An interesting finding in the group of patients who received fibrinolysis was a case of ischemic cerebrovascular event not related to atrial fibrillation, this is a very rare complication with a not well clarified pathophysiology, although several mechanisms have been proposed [23]. A large registry indicated that the incidence of in-hospital ischemic stroke after STEMI is about 1.2%, increasing the risk of mortality, and the factors associated include: age, female gender, atrial fibrillation, history of cerebrovascular accident, heart failure, diabetes mellitus, chronic renal failure, carotid artery disease, aortic disease, left ventricle thrombus, left ventricle aneurysm, acute or chronic deep venous thrombosis/pulmonary embolism, hypercoagulable state, and coronary artery bypass grafting [24].
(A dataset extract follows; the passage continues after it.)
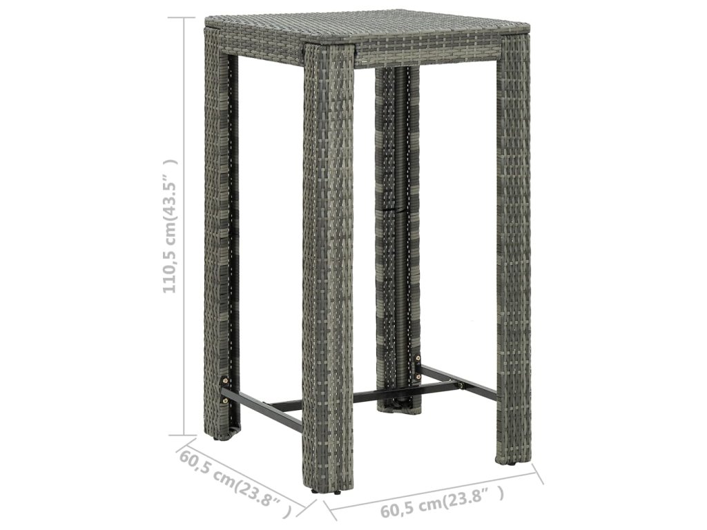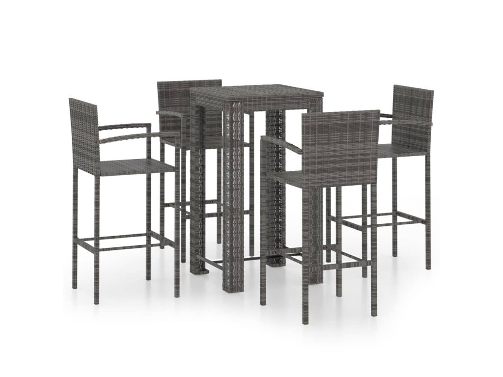 5dílný zahradní barový set s područkami polyratan šedý 3064809

In our study, the two strategies showed no differences in-hospital mortality, cardiovascular mortality, and postinfarction heart failure. However, in a similar study conducted in Mexico, Araiza-Garaygordobil et al. [1] found a trend towards a reduction in cardiovascular events with the use of the PIs. This leads to the conclusion that the greater the delay in establishing PPCI reperfusion, the worse the outcome [2, 25]. Other studies even observed that fibrinolysis was associated with a reduced mortality at one year in early presenters [26]. Additionally, a meta-analysis of patients in hospitals with no access to PPCI found that performing PIs reperfusion significantly reduced the short-term mortality when compared to receiving PPCI with 200 min or more between symptom onset to reperfusion [21]. In this report, even though the PIs group had a younger age, a shorter total ischemia time, and better TIMI flow after PCI, there were no significant differences in hospital outcomes, which may be due to the small sample size and could vary in favor of the PIs in the medium- or long-term follow-up or in higher-risk subgroups.
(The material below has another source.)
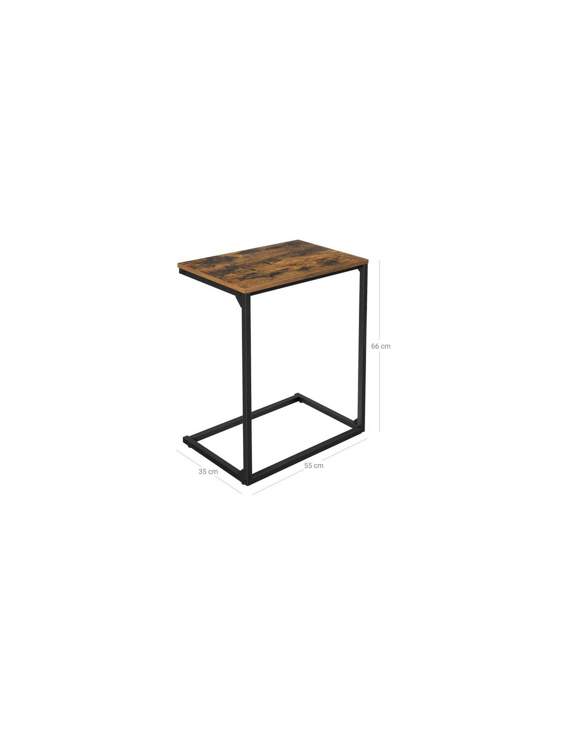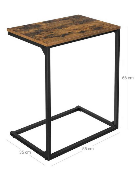 Sofabord udført i et design af sortlakeret metal og brun møbelplade. Sofabordet måler 66 cm i højden og 55 x 35 cm i bredde og dybde.

Our results are important for low- to middle-income countries such as Peru because they demonstrate that, regardless of the health system, in the PIs group the lytic treatment and the associated medical therapy with immediate or rapid routine transfer for PCI (rescue or systematic) are beneficial and necessary and improve clinical results. In previous real-world studies such as the CARESS in AMI study [27] (in which half doses of reteplase and abciximab were used in high-risk patients), similar results were found even with the use of different schemes. Therefore, our study supports the need to place greater emphasis on improving fibrinolysis and transfer network systems in low- to middle-income countries without widespread availability of timely PPCI. In addition, in registries such as EUROTRANSFER [28], it has been reported that among the group of patients transferred for PPCI, only a minority (36%) were treated within the recommended 90-min time window. Therefore, in countries such as Peru, the PIs should be considered the best option.
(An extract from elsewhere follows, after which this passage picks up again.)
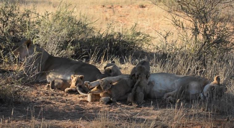 You can tell the bond is strong. One mom patiently lets the cubs climb all over her, while the other keeps watch, making sure no curious cub wanders too far. There’s so much love and teamwork in the way they care for this playful little pride.

Some limitations affect the external value of our study. The PERSTEMI registry was an observational study wherein most of the patients enrolled belonged to the social security health system in the city of Lima, and were finally treated in a national reference institute. Therefore, the findings may not reflect the situation of the entire Peruvian population. In addition, the small sample size of this substudy may limit its ability to detect statistically significant differences between the groups studied to be extrapolated to the population. The fact that the registry was elaborated during 2020 in the midst of the COVID-19 pandemic may have led to longer ischemic times in the PPCI group and also reduced the number of cases from all over the country.

Conclusions

In this real-world study, the in-hospital mortality and heart failure rates did not differ among patients with STEMI who underwent the PIs or PPCI approach. The PIs was performed within a shorter time and achieved more successful coronary flow of the IRA post-PCI compared to PPCI. These findings suggest that fibrinolysis performed with a PIs is a feasible, effective, safe, and time-effective alternative in low- and middle-income countries like Peru. Therefore, it should be promoted as the first-choice intervention in most public health care systems in Peru to improve clinical outcomes, especially in the absence of established primary angioplasty programs.